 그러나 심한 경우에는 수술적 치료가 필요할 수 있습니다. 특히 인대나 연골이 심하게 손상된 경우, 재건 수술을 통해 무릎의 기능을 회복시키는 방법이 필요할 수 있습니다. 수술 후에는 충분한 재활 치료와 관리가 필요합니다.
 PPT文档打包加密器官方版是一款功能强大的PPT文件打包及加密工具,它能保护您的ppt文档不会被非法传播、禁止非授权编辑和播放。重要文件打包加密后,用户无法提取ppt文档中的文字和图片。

-=-=-=-=-

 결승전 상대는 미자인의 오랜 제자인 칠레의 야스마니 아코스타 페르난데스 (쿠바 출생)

-=-=-=-=-

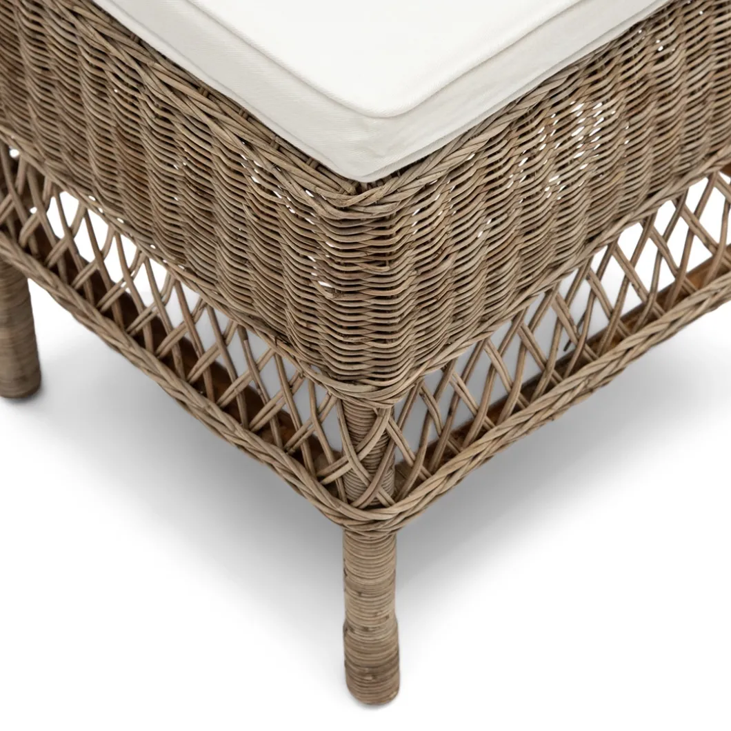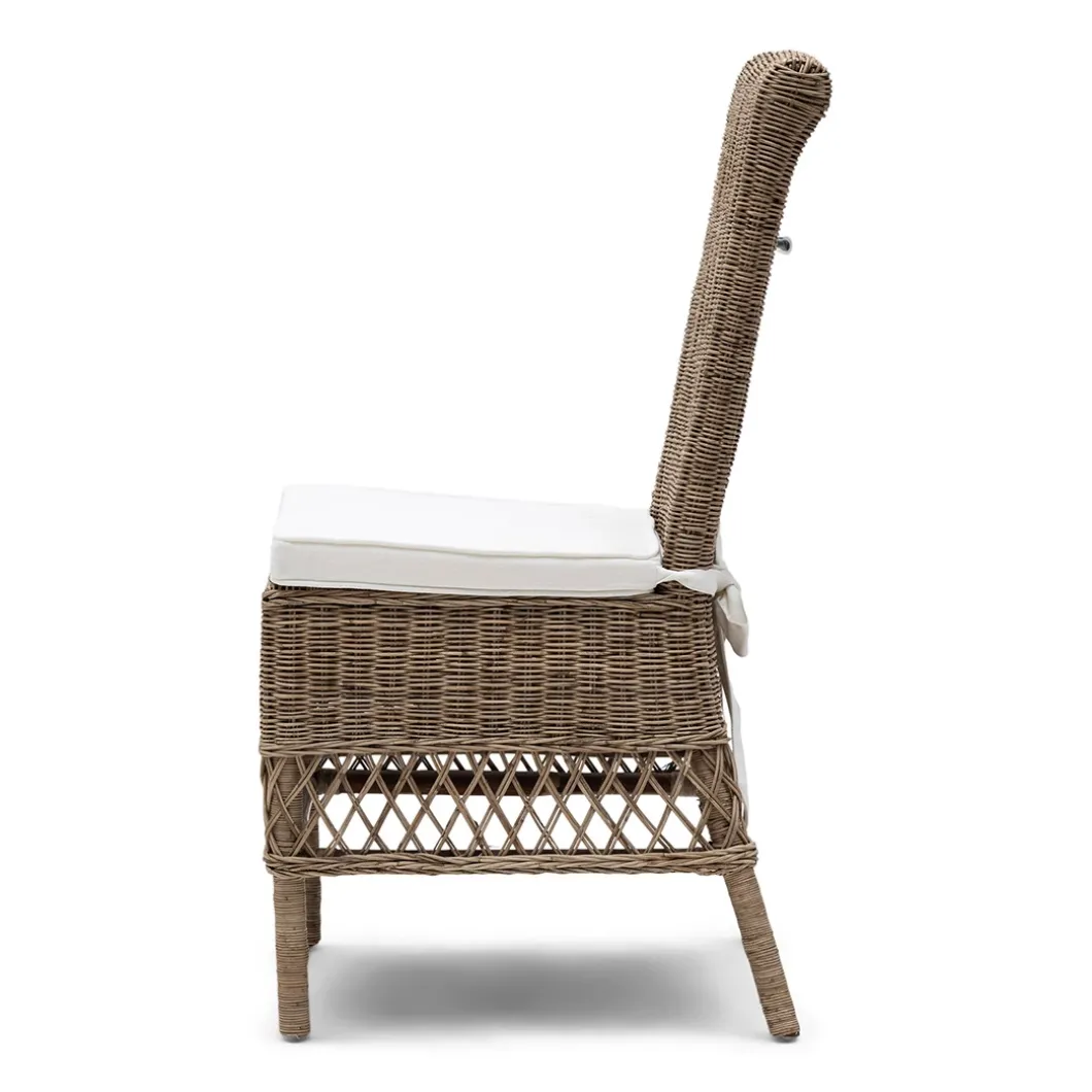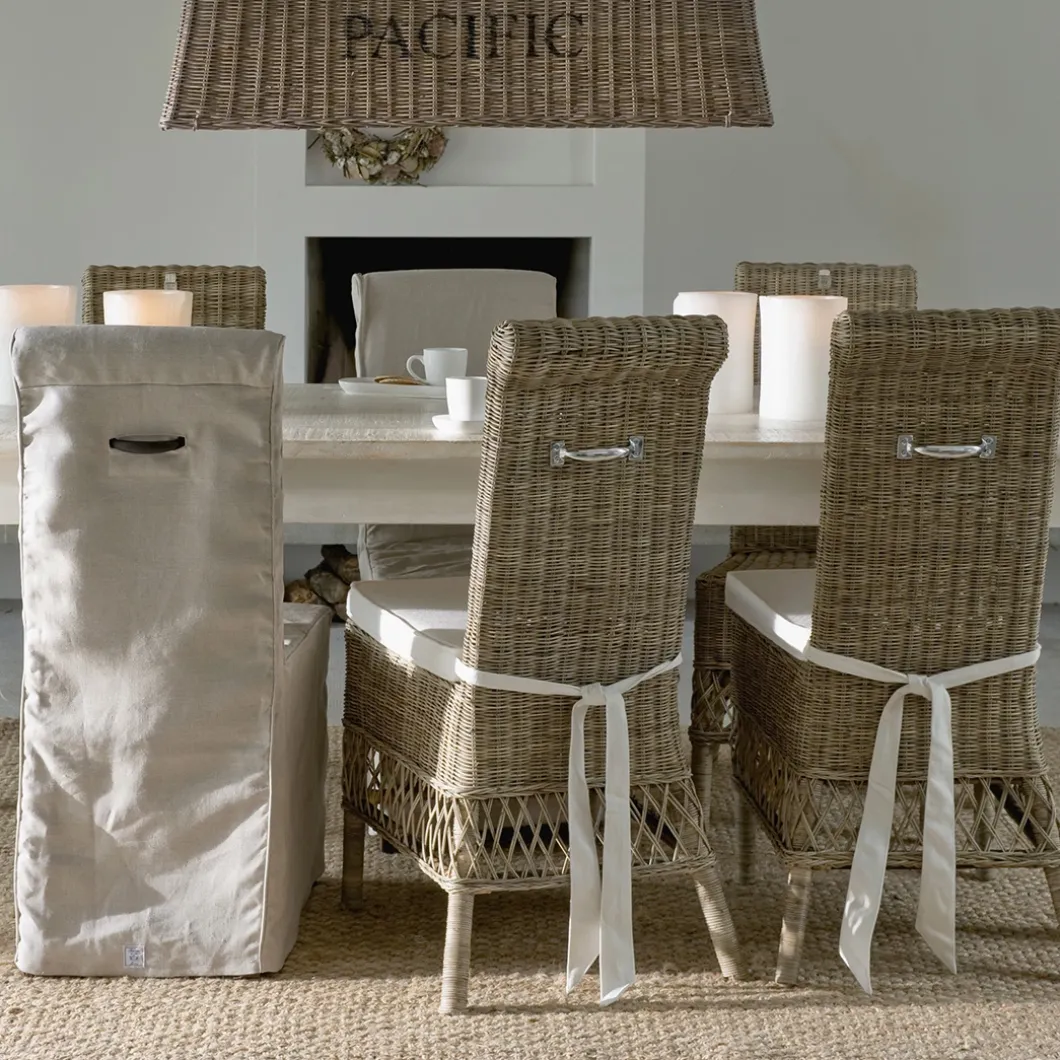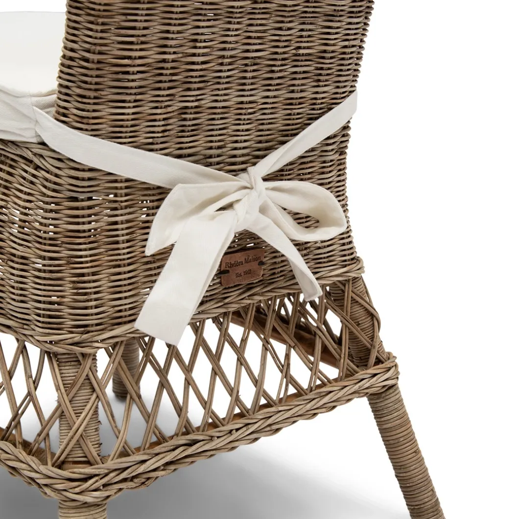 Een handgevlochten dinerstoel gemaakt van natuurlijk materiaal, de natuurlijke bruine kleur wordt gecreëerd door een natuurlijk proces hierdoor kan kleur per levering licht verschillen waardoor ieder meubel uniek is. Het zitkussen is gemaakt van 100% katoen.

-=-=-=-=-

EXERCISE: Above are the records; from them, give again exactly the lines from the one containing "그러나 심한 경우에는" through the one containing "PPT文档打包加密器官方版是", both included.

YOUR SOLUTION:
 그러나 심한 경우에는 수술적 치료가 필요할 수 있습니다. 특히 인대나 연골이 심하게 손상된 경우, 재건 수술을 통해 무릎의 기능을 회복시키는 방법이 필요할 수 있습니다. 수술 후에는 충분한 재활 치료와 관리가 필요합니다.
 PPT文档打包加密器官方版是一款功能强大的PPT文件打包及加密工具,它能保护您的ppt文档不会被非法传播、禁止非授权编辑和播放。重要文件打包加密后,用户无法提取ppt文档中的文字和图片。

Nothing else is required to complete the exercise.